== What this task involves ==
Once you find the line with "Freshly picked bunch" in the data below, transcribe exactly each line from there to the line with "Clamps (6.4Mm ID)", inclusive, and nothing else. Drop the pictures.

== Information provided ==
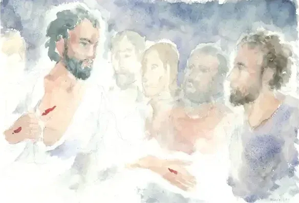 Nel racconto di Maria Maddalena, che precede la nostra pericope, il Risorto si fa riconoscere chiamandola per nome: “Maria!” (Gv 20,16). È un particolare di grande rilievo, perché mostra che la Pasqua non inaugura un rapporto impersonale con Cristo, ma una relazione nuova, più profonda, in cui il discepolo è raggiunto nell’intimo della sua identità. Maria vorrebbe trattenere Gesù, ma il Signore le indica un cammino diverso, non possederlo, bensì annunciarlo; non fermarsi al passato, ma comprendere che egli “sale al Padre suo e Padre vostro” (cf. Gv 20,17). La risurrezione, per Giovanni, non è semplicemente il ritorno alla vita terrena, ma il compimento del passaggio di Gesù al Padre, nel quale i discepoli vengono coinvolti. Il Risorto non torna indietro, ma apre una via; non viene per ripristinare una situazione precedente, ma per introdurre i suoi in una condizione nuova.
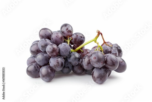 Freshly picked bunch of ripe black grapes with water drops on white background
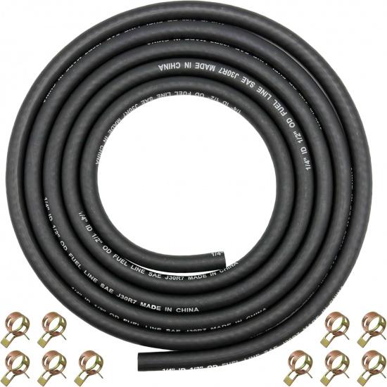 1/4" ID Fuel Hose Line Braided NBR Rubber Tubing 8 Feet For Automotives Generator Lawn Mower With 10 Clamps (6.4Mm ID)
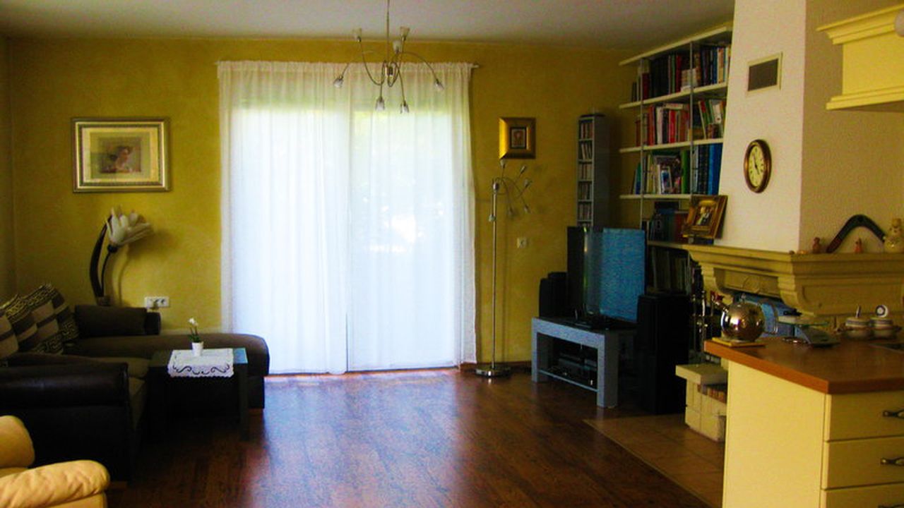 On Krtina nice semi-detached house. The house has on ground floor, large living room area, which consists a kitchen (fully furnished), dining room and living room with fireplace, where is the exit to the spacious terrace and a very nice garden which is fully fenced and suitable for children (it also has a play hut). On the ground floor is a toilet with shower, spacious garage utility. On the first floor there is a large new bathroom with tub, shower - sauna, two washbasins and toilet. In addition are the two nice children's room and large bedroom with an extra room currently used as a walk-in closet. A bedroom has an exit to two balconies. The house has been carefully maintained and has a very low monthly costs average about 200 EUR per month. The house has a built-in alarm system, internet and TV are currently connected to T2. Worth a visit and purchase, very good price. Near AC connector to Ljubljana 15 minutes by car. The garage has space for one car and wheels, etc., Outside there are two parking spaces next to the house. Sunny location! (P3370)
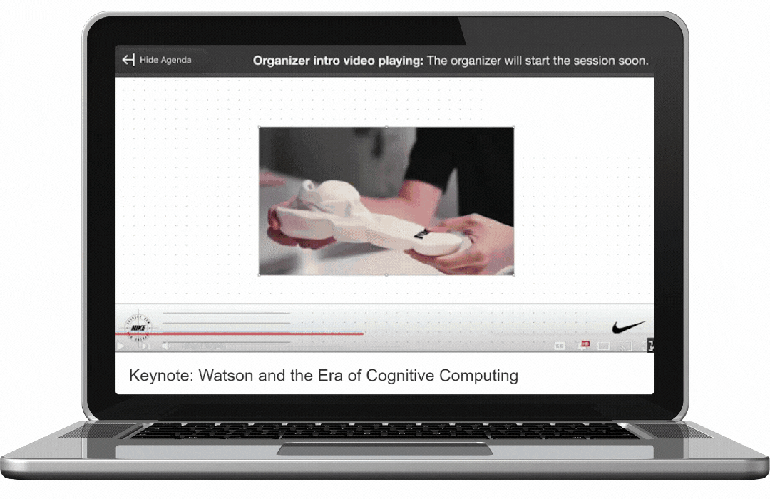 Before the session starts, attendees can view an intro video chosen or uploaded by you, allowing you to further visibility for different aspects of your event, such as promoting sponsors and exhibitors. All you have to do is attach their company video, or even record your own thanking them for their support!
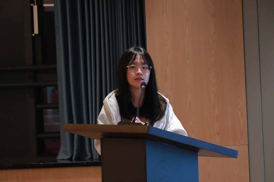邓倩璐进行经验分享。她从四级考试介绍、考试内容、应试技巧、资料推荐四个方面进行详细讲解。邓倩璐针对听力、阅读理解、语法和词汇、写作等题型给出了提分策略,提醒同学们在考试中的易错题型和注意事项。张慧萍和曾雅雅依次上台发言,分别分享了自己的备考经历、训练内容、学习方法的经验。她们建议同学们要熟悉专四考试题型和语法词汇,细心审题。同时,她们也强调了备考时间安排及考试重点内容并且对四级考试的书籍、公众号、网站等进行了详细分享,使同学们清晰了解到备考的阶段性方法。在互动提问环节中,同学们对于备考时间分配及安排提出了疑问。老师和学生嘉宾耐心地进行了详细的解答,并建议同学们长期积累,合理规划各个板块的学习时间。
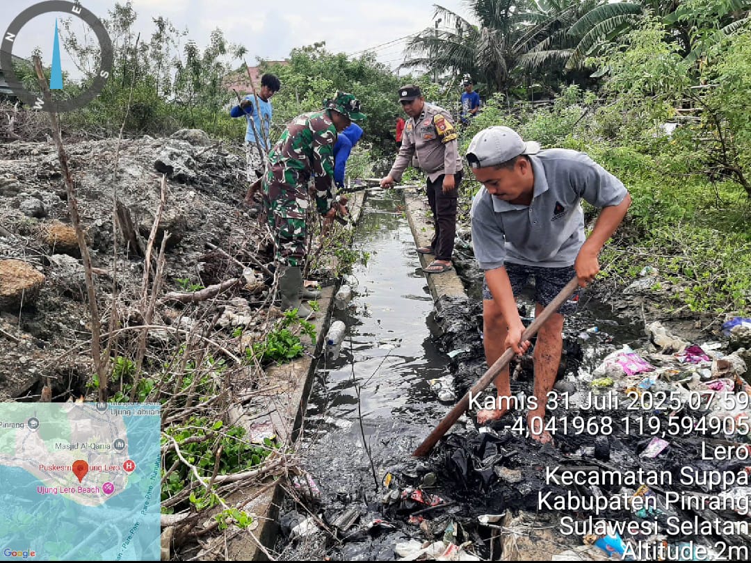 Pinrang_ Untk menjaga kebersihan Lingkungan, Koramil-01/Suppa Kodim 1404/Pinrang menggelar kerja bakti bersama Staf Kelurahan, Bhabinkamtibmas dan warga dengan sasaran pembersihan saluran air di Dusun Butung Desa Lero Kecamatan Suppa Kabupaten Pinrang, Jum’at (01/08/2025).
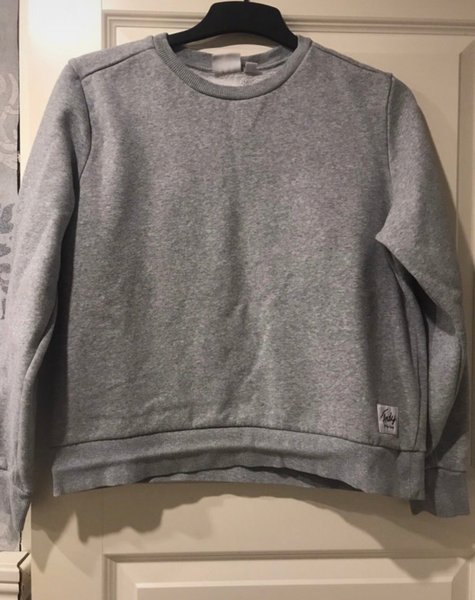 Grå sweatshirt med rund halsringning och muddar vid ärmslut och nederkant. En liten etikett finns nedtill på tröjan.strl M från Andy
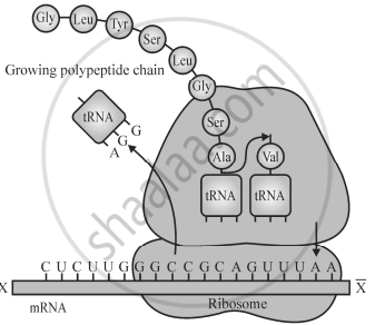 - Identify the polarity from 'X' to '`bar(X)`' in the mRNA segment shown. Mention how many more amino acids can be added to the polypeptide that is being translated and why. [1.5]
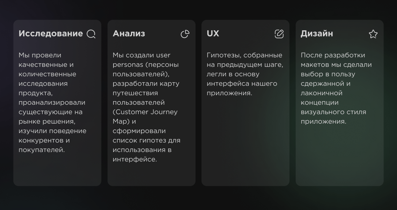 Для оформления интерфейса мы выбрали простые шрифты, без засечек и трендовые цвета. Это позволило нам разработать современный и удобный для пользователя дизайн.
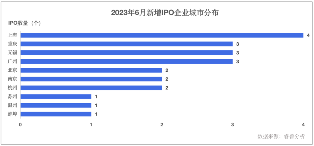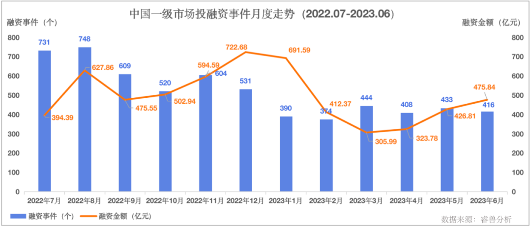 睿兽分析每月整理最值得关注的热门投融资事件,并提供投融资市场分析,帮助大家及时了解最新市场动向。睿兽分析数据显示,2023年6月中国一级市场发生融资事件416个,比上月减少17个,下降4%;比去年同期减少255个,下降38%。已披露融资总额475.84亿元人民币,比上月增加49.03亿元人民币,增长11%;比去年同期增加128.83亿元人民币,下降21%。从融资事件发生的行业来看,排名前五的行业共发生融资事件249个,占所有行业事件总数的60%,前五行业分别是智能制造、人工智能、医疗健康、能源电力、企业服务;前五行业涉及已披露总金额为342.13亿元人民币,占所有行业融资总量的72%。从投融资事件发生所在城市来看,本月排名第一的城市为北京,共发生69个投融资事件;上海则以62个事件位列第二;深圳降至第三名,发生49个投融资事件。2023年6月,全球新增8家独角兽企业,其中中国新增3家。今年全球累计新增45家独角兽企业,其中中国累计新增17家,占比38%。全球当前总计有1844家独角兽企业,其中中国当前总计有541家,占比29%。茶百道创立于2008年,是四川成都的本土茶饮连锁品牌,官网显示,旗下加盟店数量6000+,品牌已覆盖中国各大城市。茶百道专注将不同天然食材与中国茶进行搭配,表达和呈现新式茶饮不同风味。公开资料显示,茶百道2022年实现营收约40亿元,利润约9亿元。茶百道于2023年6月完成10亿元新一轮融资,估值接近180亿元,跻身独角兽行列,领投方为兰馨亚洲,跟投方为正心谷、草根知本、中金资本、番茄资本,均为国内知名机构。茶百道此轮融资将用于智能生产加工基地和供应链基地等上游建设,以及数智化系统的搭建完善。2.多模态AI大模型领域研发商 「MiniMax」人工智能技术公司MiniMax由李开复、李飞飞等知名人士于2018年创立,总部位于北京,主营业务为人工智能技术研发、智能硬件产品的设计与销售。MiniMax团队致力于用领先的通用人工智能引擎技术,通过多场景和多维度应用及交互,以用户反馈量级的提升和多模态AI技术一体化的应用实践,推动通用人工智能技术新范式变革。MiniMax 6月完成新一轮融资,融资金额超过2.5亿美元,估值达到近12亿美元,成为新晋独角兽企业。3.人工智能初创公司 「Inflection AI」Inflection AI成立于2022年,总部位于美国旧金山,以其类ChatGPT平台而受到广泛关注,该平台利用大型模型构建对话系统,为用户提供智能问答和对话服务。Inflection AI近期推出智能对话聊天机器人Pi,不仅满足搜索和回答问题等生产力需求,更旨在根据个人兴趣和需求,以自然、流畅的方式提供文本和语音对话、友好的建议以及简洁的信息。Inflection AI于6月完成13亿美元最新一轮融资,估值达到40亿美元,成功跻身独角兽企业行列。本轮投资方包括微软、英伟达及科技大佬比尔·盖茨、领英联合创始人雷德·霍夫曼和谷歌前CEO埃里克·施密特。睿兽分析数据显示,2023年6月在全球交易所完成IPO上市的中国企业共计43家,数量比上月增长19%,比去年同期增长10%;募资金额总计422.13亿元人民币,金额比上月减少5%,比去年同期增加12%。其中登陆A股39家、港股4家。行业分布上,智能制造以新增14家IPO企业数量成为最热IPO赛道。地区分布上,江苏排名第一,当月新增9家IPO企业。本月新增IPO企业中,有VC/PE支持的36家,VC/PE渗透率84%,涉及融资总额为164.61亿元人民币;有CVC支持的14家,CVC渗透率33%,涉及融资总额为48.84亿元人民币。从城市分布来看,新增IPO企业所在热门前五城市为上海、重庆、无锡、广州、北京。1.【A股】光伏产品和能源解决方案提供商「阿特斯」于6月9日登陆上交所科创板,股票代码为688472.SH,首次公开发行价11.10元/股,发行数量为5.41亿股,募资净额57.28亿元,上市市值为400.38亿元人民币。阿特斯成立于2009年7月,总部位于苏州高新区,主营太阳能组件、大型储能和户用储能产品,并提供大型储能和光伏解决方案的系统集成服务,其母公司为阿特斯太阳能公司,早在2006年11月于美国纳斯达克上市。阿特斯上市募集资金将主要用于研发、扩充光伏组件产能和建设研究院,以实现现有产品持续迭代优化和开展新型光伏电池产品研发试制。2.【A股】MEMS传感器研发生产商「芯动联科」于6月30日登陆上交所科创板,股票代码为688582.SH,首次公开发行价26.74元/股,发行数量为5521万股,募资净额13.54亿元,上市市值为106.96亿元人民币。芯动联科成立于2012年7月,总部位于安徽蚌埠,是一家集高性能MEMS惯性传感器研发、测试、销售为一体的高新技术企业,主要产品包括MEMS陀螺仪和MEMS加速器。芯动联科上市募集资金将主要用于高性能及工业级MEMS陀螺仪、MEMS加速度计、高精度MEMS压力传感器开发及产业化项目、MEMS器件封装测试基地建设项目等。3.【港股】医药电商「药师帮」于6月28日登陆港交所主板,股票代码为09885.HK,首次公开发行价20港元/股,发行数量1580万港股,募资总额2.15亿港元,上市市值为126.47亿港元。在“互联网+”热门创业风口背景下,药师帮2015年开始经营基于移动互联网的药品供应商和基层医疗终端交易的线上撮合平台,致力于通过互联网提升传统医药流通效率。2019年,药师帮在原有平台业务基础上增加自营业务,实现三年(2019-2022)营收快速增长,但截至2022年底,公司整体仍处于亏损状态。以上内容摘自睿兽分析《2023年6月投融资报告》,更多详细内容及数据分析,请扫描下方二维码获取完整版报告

== Expected answer ==
 Freshly picked bunch of ripe black grapes with water drops on white background
 1/4" ID Fuel Hose Line Braided NBR Rubber Tubing 8 Feet For Automotives Generator Lawn Mower With 10 Clamps (6.4Mm ID)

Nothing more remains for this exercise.